The world’s largest bond fund, the PIMCO Total Return Bond Fund
(MUTF:PTTRX), fell 2.5% in June and had record outflows of $9.9 billion.
Instead of bailing on Treasury Inflation Protected Securities, or TIPS, the manager, Bill Gross, has been backing up the truck on expectations of higher inflation. But it hasn’t happened.
Let’s examine how TIPS work and why they are losing value.
TIPS first hit the market in the late 1990s and are government-issued fixed-income securities that are backed by the full faith and credit of the US government for timely payment of interest and principal. (As a side note, TIPS issued by foreign governments (NYSEARCA:GTIP) also exist.)
In the case of US TIPS, the bond or note’s face value is adjusted monthly according to the rate of inflation as measured by the US consumer price index (CPI). A real yield is applied to the adjusted principal to hedge the investor against inflationary spikes. The CPI is a yardstick of the prices paid by urban consumers for a basket of goods and services.

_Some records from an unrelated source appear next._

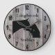 Personalize este relógio de madeira de casca personalizada com seu nome de fazenda, rancho ou estável para adicionar um toque pessoal à decoração. Barnwood olha a cara do relógio com cavalo e dono mostrando silhueta de afeto no centro. Escolha um dos dois tamanhos e duas cores da mão do relógio, o que for ao seu gosto.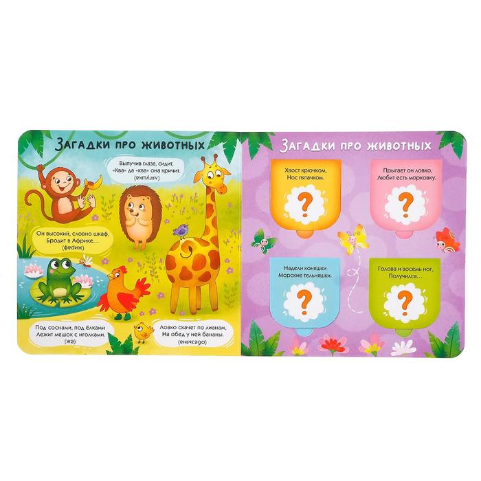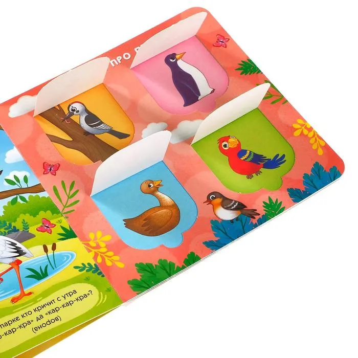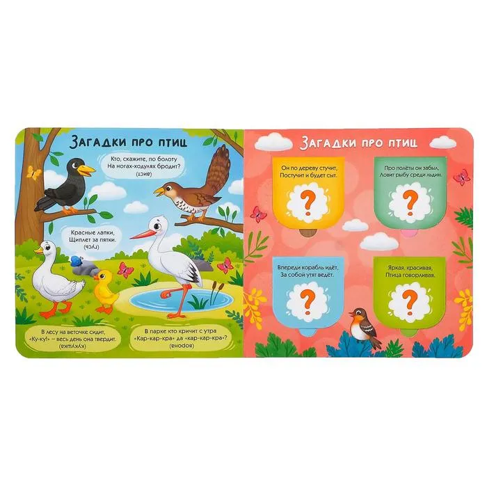 Книга сделана из плотного картона, поэтому прослужит долго. Внутри ребёнок найдёт 16 окошек с загадками про животных и птиц.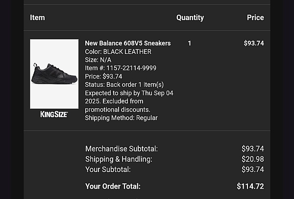 I have been using Kingsize direct for a few years now. And they never have been a top notch company. I ordered 6 tee shirts on 4/15/2021. Today is 6/3/2021 and I still have not received my order. They advertise these huge sales and flood my mailbox with special deals and if they are in stock, big if, I place an order if I need the product. Anytime I ask about my order I am told to be patient and because of Covid things are sluggish. That is BS, the truth is that this is a feckless company. I am a large human and can not just walk into a store and get 4xl clothing. So I started ordering from Kingsize. Big mistake. Now they are billing me for an order I never received. Way to go Kingsize. I have told customer service to cancel the entire order numerous times and have yet to get an answer that makes sense. I have found that if they ship you something by mistake it's easier to donate it or give it away. So unless they somehow redeem themselves, I am done with Kingsize. I am better off paying the premium of a brick and mortar store where I can get my clothing right then and there and develop a relationship with the staff there and get something that Kingsize has no notion about, it's called SERVICE.

From May 2012 to May 2013, the Consumer Price Index for All Urban Consumers (CPI-U) increased 1.4% before seasonal adjustments.

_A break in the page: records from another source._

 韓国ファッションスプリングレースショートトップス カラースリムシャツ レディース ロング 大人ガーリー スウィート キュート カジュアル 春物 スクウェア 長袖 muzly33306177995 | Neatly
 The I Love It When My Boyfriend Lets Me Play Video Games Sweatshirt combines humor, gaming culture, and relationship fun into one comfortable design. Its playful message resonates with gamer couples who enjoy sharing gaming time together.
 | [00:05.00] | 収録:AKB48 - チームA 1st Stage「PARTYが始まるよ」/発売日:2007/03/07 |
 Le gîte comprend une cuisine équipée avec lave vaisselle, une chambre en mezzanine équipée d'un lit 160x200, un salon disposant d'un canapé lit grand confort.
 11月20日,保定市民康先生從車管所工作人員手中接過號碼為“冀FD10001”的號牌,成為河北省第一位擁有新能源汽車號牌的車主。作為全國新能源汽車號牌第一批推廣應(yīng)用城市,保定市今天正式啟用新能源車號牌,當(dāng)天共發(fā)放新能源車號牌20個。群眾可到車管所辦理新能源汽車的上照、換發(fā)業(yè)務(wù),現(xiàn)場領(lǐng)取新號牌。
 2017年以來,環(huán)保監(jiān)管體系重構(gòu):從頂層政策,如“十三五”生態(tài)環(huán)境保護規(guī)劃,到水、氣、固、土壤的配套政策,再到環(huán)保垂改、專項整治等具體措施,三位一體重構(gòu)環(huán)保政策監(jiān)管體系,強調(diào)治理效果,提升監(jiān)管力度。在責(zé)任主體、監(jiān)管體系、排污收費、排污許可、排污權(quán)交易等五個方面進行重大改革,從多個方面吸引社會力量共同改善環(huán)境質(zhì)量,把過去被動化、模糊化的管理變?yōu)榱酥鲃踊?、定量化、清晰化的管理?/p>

While the CPI is one way to gauge inflation, it’s far from a perfect measurement. Retirees, for instance, spend a greater portion of their money on medical costs versus the typical American represented in the CPI. Nevertheless, the CPI-U is still a widely used benchmark of inflation and consumer prices.

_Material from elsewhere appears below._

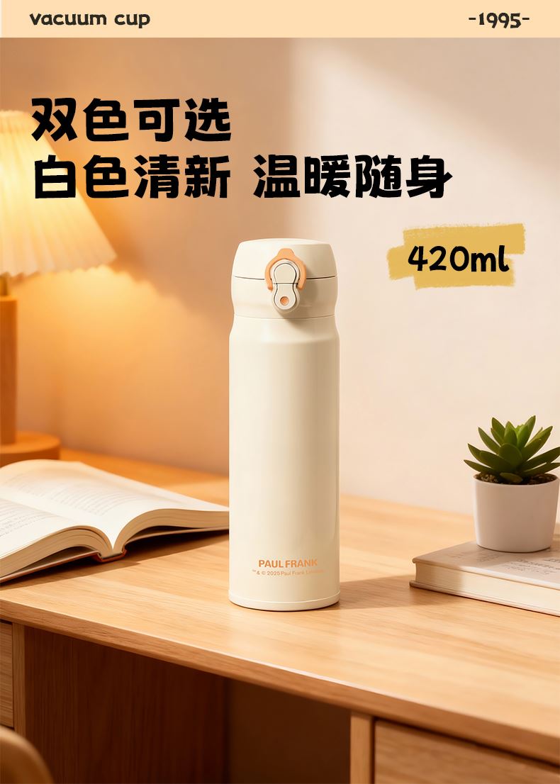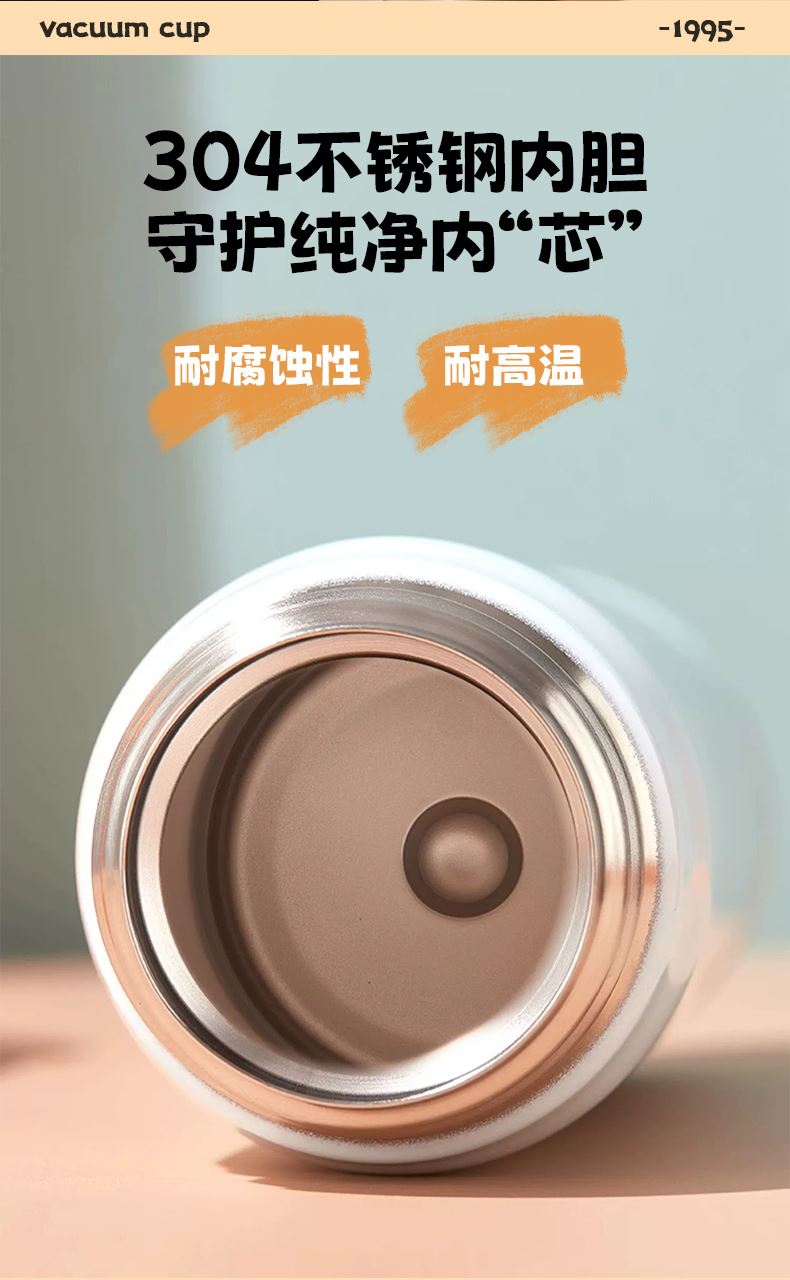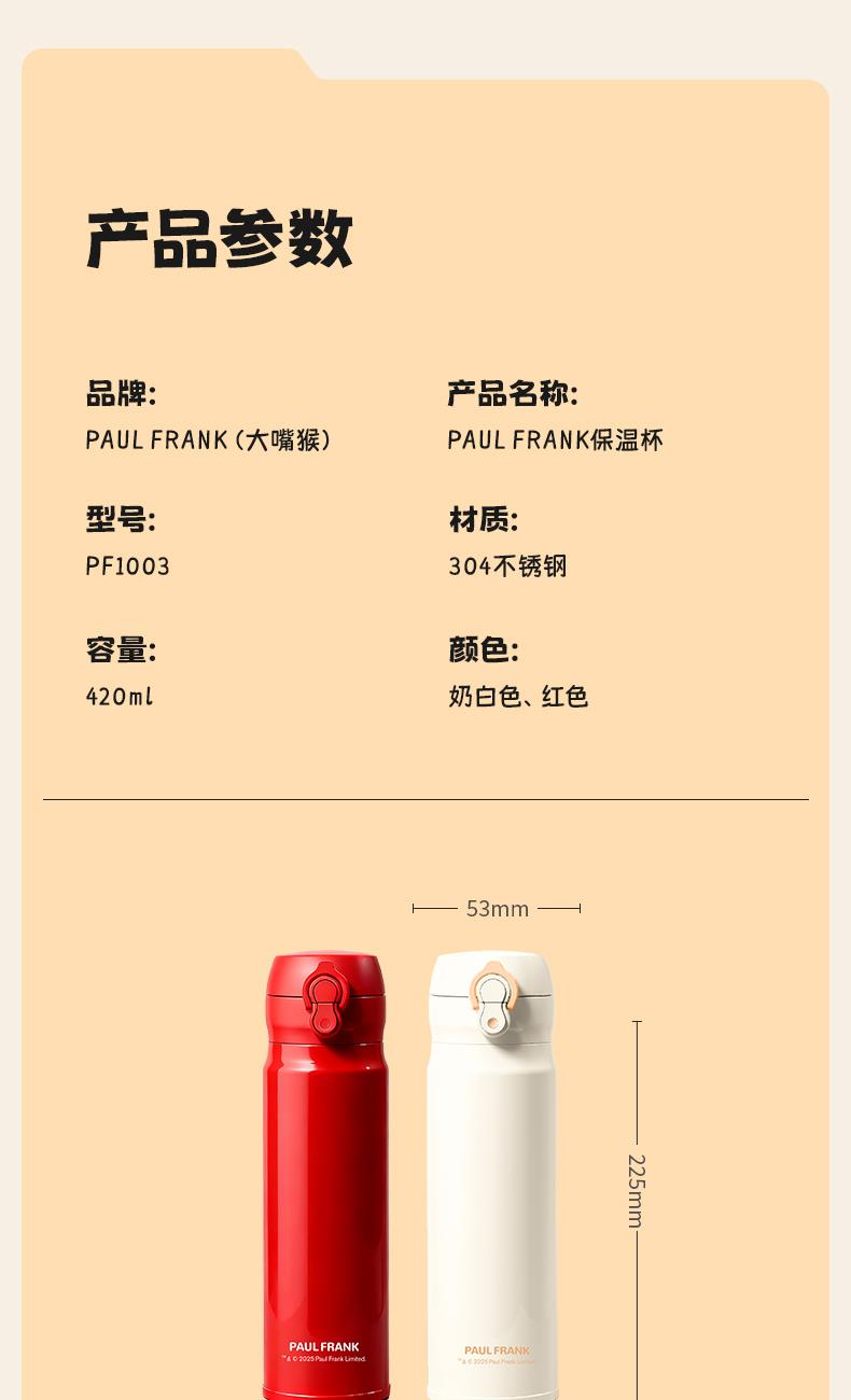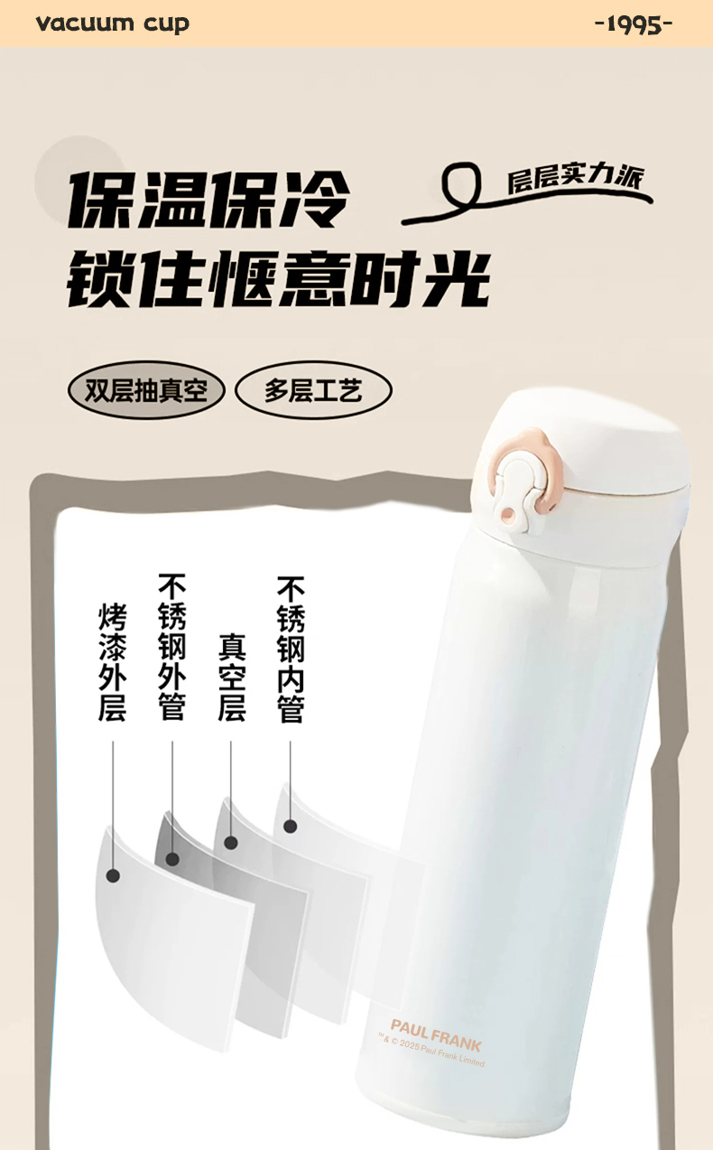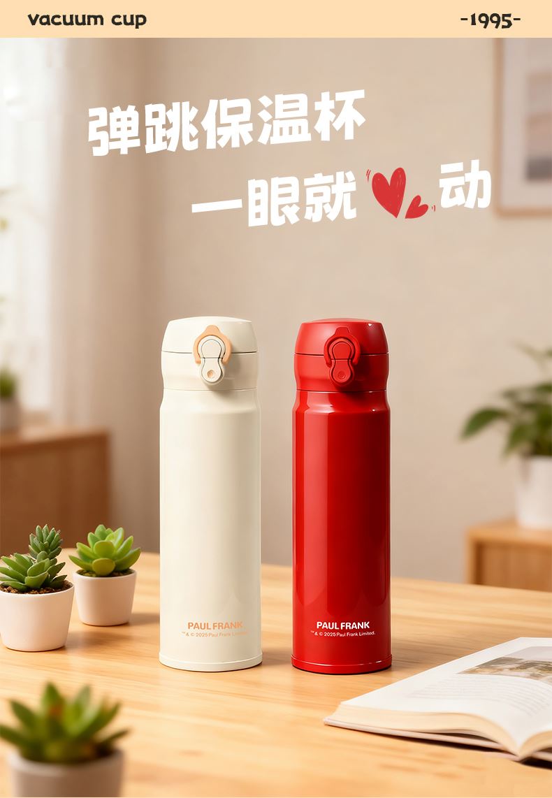 型 号:PF1003 颜 色:奶白色、红色 材 质:304不锈钢 容 量:450ml 69码: 6978198831659 彩盒尺寸:6.9*6.9*23.3 1.食品级304不锈钢内胆,耐腐蚀性更强,易于清洗; 2.6-12小时长效保温,无尾真空工艺; 3.双弹跳设计,直饮/吸管多种饮水方式; 4.双层杯口,触感舒适; 5.杯底硅胶垫设计,静音防滑防磨。

Changes in inflation and interest rates do not always move in lockstep with each other. And just like conventional Treasury bonds (NYSEARCA:TLT), TIPS are impacted by movements in the interest rate marketplace.
If Treasury yields increase because of rising inflation, TIPS are hedged. But if yields increase because of rising real yields, as we are seeing right now, TIPS are susceptible to losses.
The largest US TIPS ETF, the iShares Barclays TIPS Bond Fund
(NYSEARCA:TIP) has fallen 8.17% over the past three months. How much further can TIPS decline?
The average duration of TIPS owned by TIP is 8.36 years, which implies losses of 8.36% if real yields rise by 1%. And a 2%-3% spike in rates would likely mean losses between 17% and 26%.
One way to hedge against falling TIPS prices is to stick with shorter dated maturing notes of less than five years.
Because TIPS with shorter maturities are less impacted by rising rates versus longer maturing bonds, funds like the PIMCO 1-5 Year US TIPS Index Fund
(NYSEARCA:STPZ) have lost less value. STPZ is down just 2.39% over the past three months compared to a loss of 8.17% for TIP.
Shorter-dated TIPS, like the kind that STPZ owns, have historically shown a significantly higher correlation with current inflation and lower volatility relative to an index that covers the entire TIPS maturity spectrum. The fund's benchmark is the Merrill Lynch 1-5 Year US Inflation-Linked Treasury Index.
Another way to hedge against falling prices in TIPS is to buy put options on an existing TIPS ETF position. As the TIPS decline, the losses are offset by gains in the value of the protective puts.
For traders or investors that want to capitalize on falling TIPS but aren’t comfortable trading options, see the the ProShares UltraShort TIPS Fund
(NYSEARCA:TPS). The fund uses 200% daily opposite leverage to TIPS and is designed to increase in value when TIPS prices fall. Over the past three months, TPS has surged 17%.
In summary, as the real yields on Treasuries and other fixed income investments broadly rise, they offer a more generous alternative to the 1.63% yield currently paid by broadly diversified TIPS ETFs. So unless inflation goes higher, all you get with TIPS is lots of interest rate risk.